▸ What needs to be done
What should be copied is the stretch of entries below from the line with "2023年主食用米产量为66" up to and including the line with "埋め込み収納付き。さらに壁付手洗い器付き...", exactly and without images.

▸ Extracted data
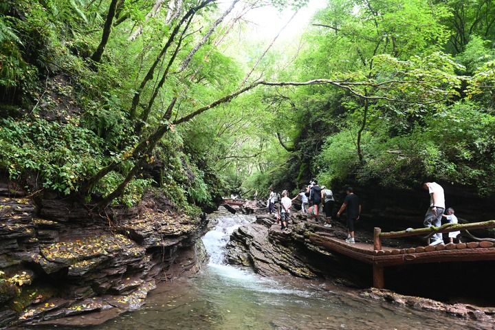 遊客在六盤山國家森林公園遊覽(2024年8月4日攝)。
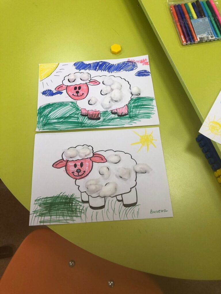 В этом занятии приняло участие 20 малышей, которые каждый на свой художественный вкус раскрашивали барашков на фоне природы. После завершения творческой части занятия с ребяшками поиграли в подвижные игры.
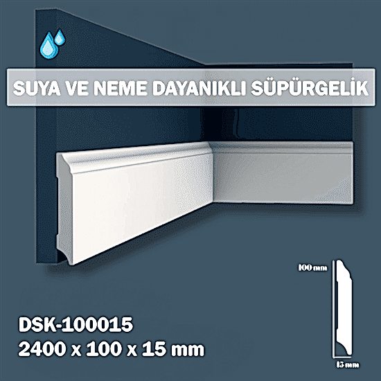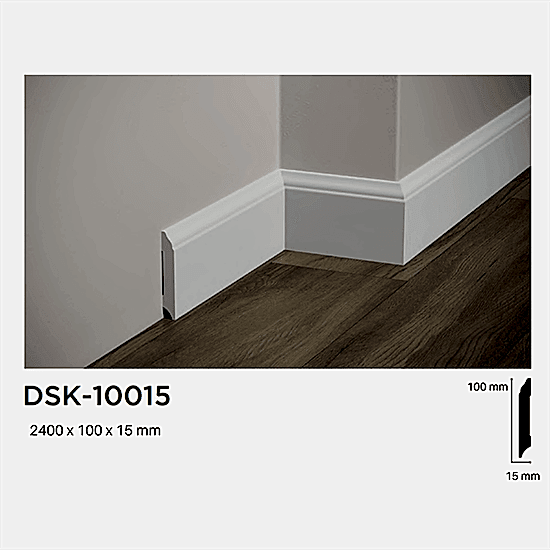 10cm Polimer Lake Süpürgelik DSK10015, mekanlarınıza zarafet ve şıklık katmak ve estetik bir atmosfer oluşturmak için özel olarak tasarlanmış bir üründür.
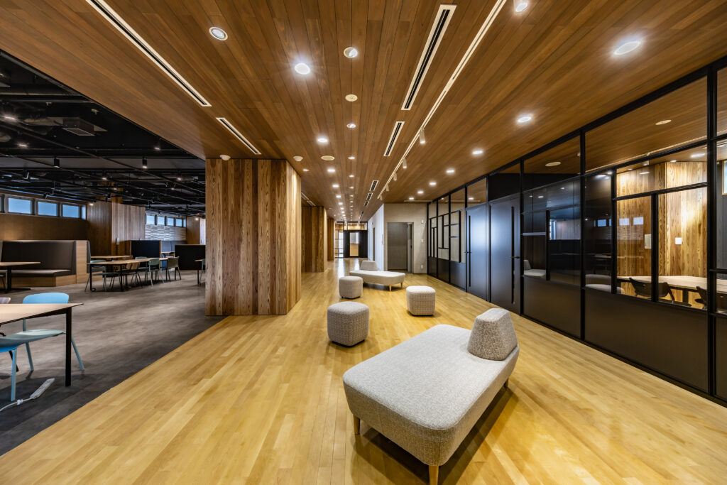 同ビルは鉄筋コンクリート造りながらも、内装やデザインに「木」のぬくもりを感じる「木質化」のコンセプトによる心地よい空間で、2階・来客用フロアと6階・大ホールには、天然木を採用。さらに大ホールは、最大250人が収容可能で、社内の大規模会議や研修だけでなく、多目的な活用を目指すという。
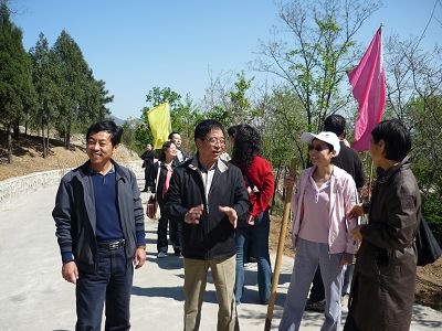 校党委书记吴斌在向教育部干部们介绍林场概况时说,1952年起,鹫峰为我校第一校址,山上现有植物600余种,首都许多高校都把鹫峰作为学生实习基地,自己学生时代也常来山上背书,吴斌书记还感谢教育部对植树造绿活动的支持。
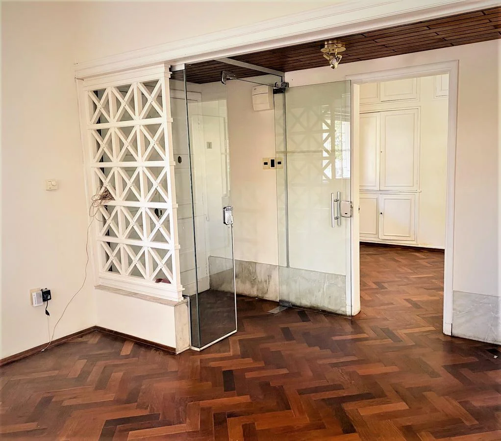 Hacia la derecha, gran living comedor con puerta corrediza que divide en dos ambientes.
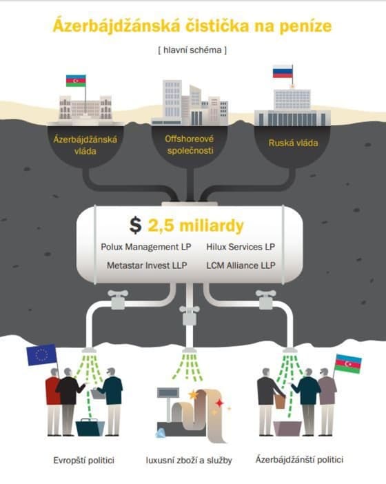 Podle německé policie měla Karin Strenz obdržet platbu ve výši 22 tisíc eur (přibližně půl milionu korun) z jedné z firem kolegy Eduarda Lintnera. Tomu měly během let 2008–2016 z Baku přijít celkem čtyři miliony eur (přibližně 100 milionů korun) na bankovní účty vedené v pobaltských zemích na britské schránkové firmy. Tento sofistikovaný systém praní špinavých peněz nazvaný „Ázerbájdžánská pračka“ odhalila v roce 2017 mezinárodní síť investigativních novinářů OCCRP (Organized Crime and Corruption Reporting Project). Investigace.cz, jež je jediným tuzemským členem této novinářské sítě, se na odhalení přímo podílela.
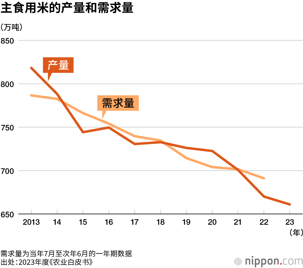 2023年主食用米产量为661万吨,同比减少1.4%。2022年的需求量为691.1万吨,10年间减少了10%以上。因此,农户近年来一直在加大改种米粉用米和饲料用米的力度。
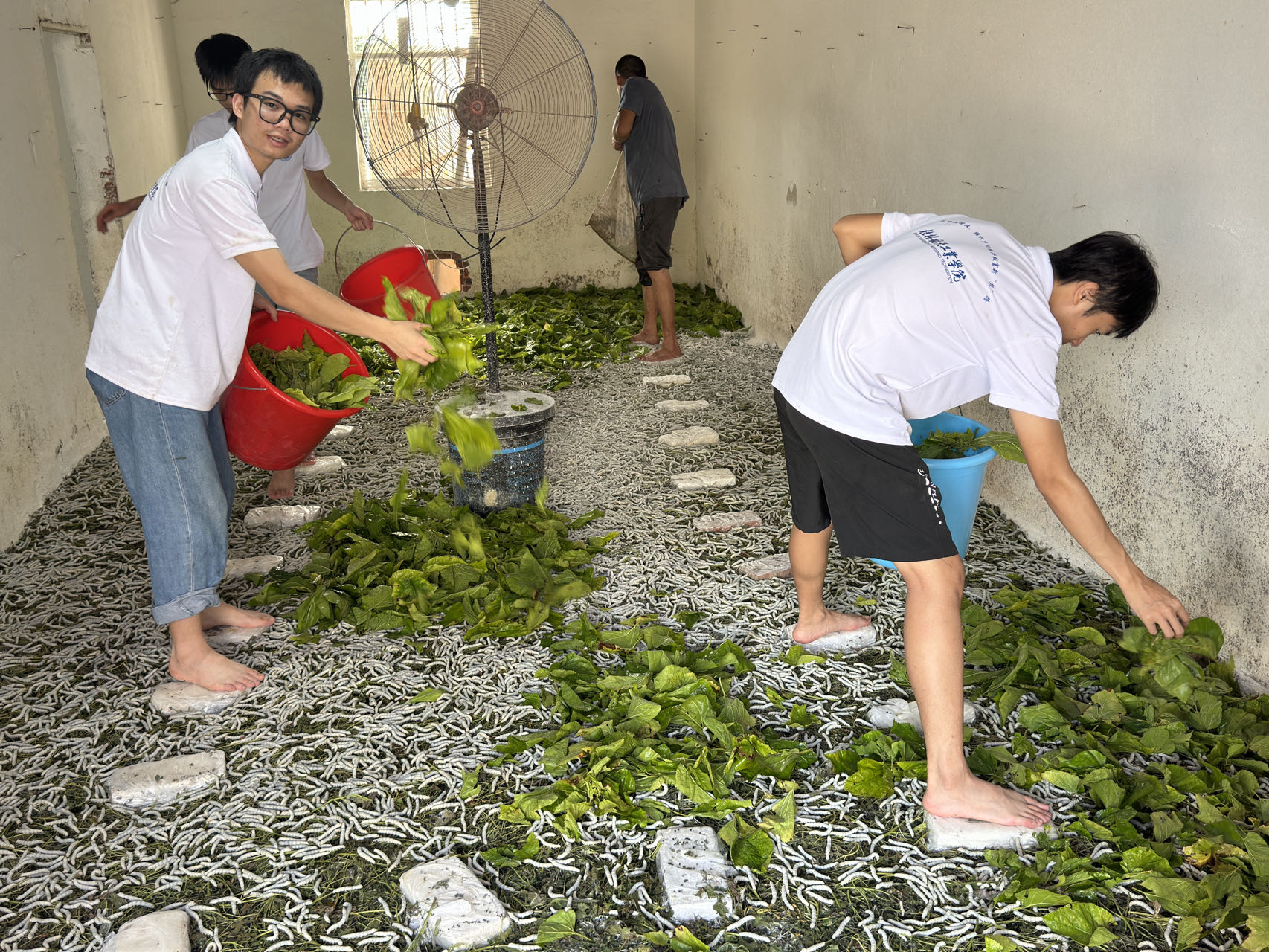 柳城县先后实施“国家‘东蚕西移’工程桑蚕基地建设”、“桑蚕优质高效种养及深加工集成应用示范”、“广西桑蚕标准园建设”等一系列项目,在全县种桑养蚕重点乡镇都建立了示范基地的基础上,组织大学生亲身体验种桑养蚕生活,通过劳动实践提高大学生对桑蚕文化的了解,提高大学生吃苦耐劳精神的同时,点线面的推广和传播当地特色积极产业,更好的带动乡村振兴发展。
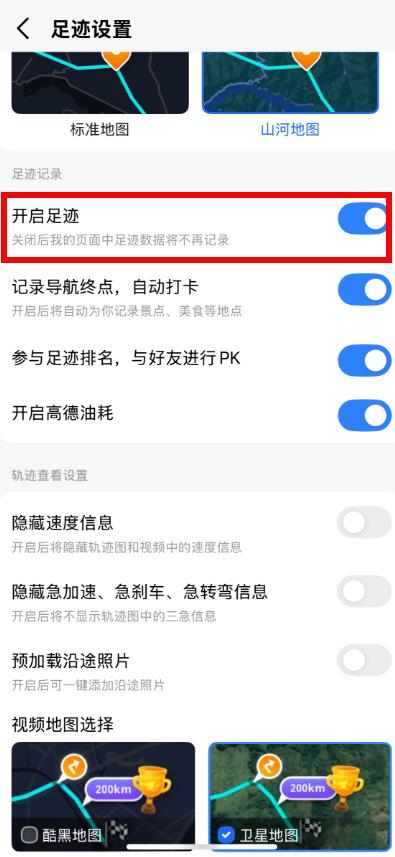 3、进入足迹设置页面后,点击开启足迹右侧的开关,将其关闭,即可停止足迹数据的记录。
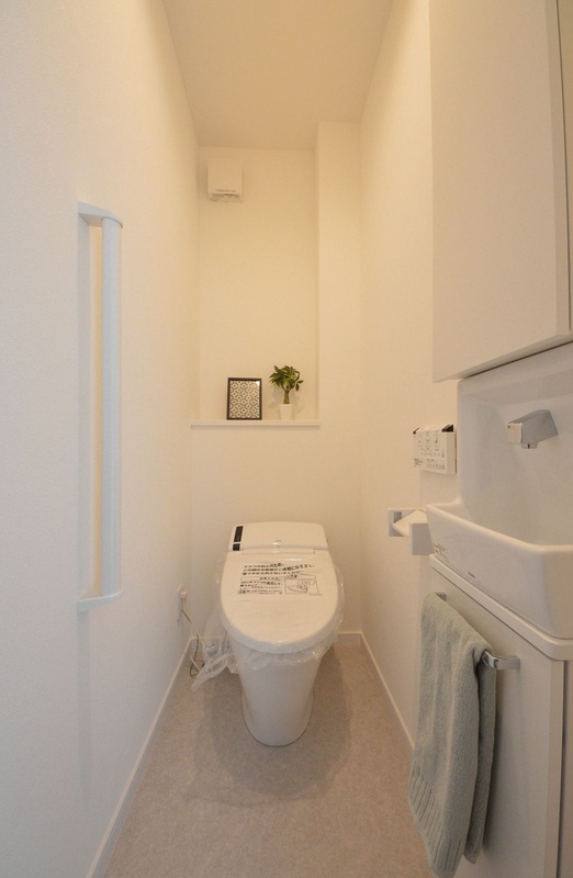 埋め込み収納付き。さらに壁付手洗い器付き...
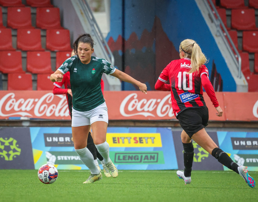 Og þar með flautar Nour þetta í hálfleik. Víkingar hafa verið með yfirhöndina allan leikinn. Það var með hreinum ólíkindum að staðan hafi ennþá verið 1-0 eftir 10 mínútur. En Augnablikskonur unnu sig aðeins inn í leikinn seint í fyrri hálfleik. Þær komu með ágæta bolta fyrir og áttu eitt langskot. En Víkingskonur leiða 2-0 í hálfleik.
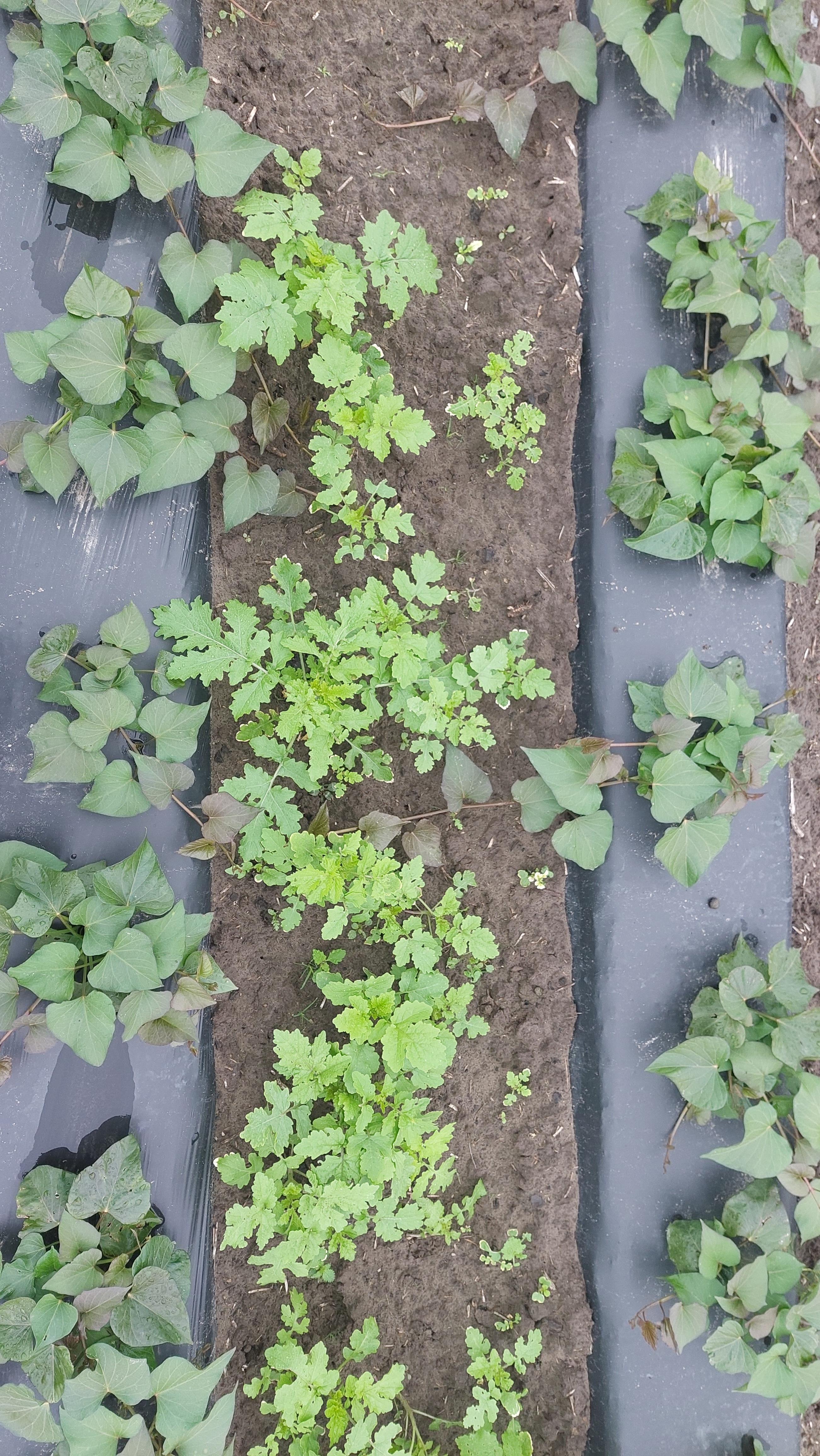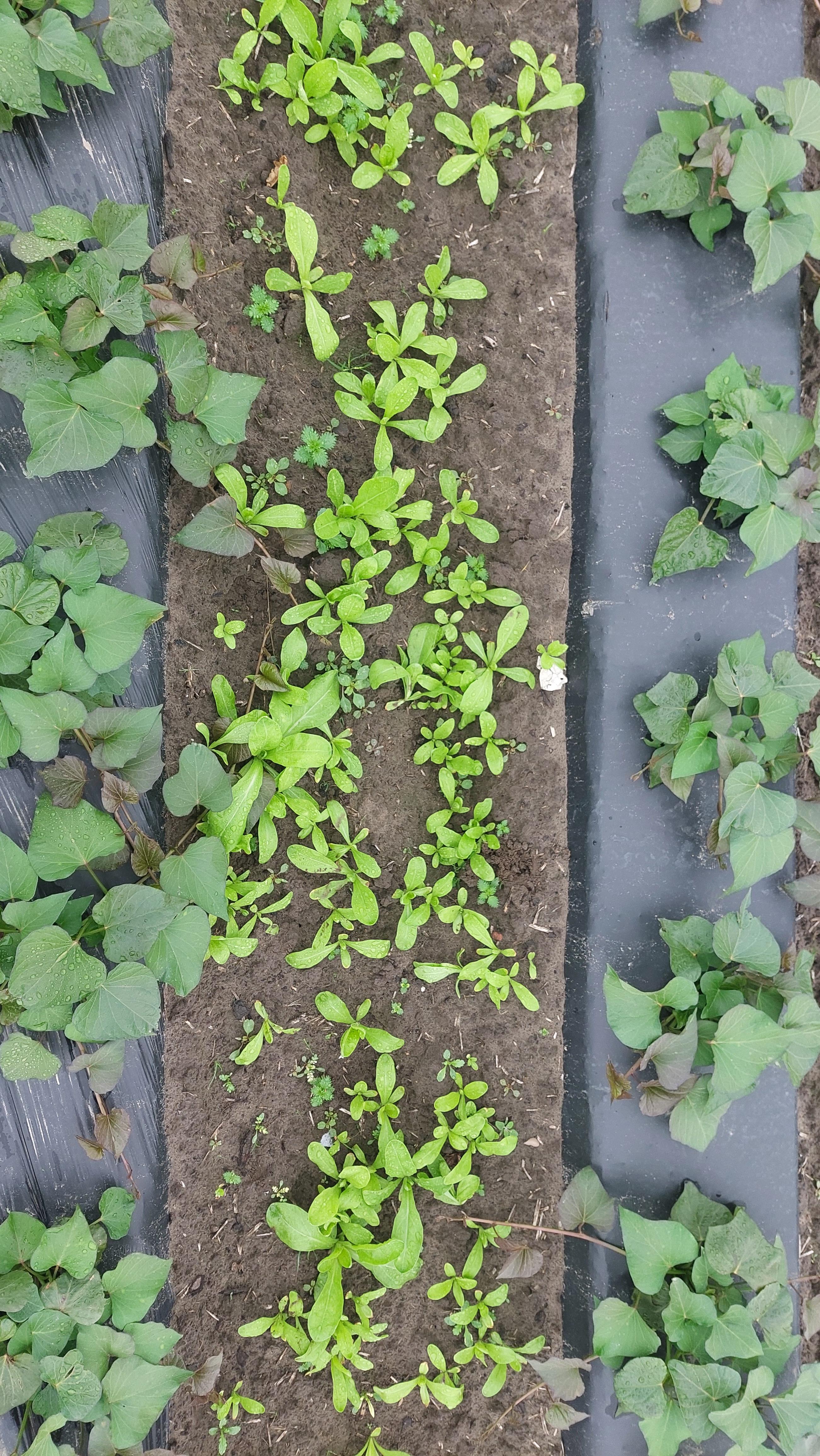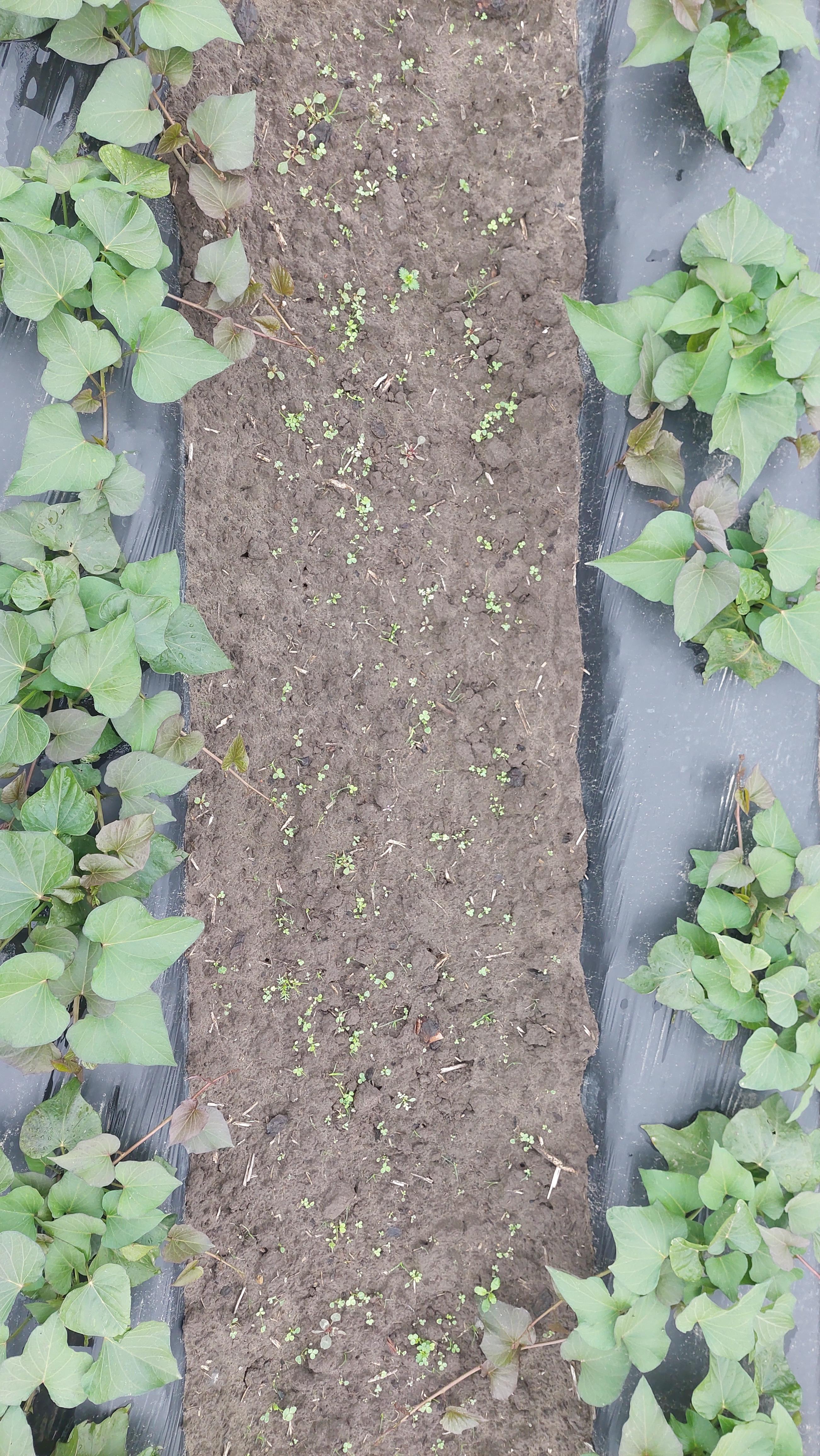 Op vraag van de sector werd dit seizoen een kleine demoproef aangelegd om het potentieel van tussenzaai tussen de folieruggen van bataat te bekijken.

▸ Reply to the task
 2023年主食用米产量为661万吨,同比减少1.4%。2022年的需求量为691.1万吨,10年间减少了10%以上。因此,农户近年来一直在加大改种米粉用米和饲料用米的力度。
 柳城县先后实施“国家‘东蚕西移’工程桑蚕基地建设”、“桑蚕优质高效种养及深加工集成应用示范”、“广西桑蚕标准园建设”等一系列项目,在全县种桑养蚕重点乡镇都建立了示范基地的基础上,组织大学生亲身体验种桑养蚕生活,通过劳动实践提高大学生对桑蚕文化的了解,提高大学生吃苦耐劳精神的同时,点线面的推广和传播当地特色积极产业,更好的带动乡村振兴发展。
 3、进入足迹设置页面后,点击开启足迹右侧的开关,将其关闭,即可停止足迹数据的记录。
 埋め込み収納付き。さらに壁付手洗い器付き...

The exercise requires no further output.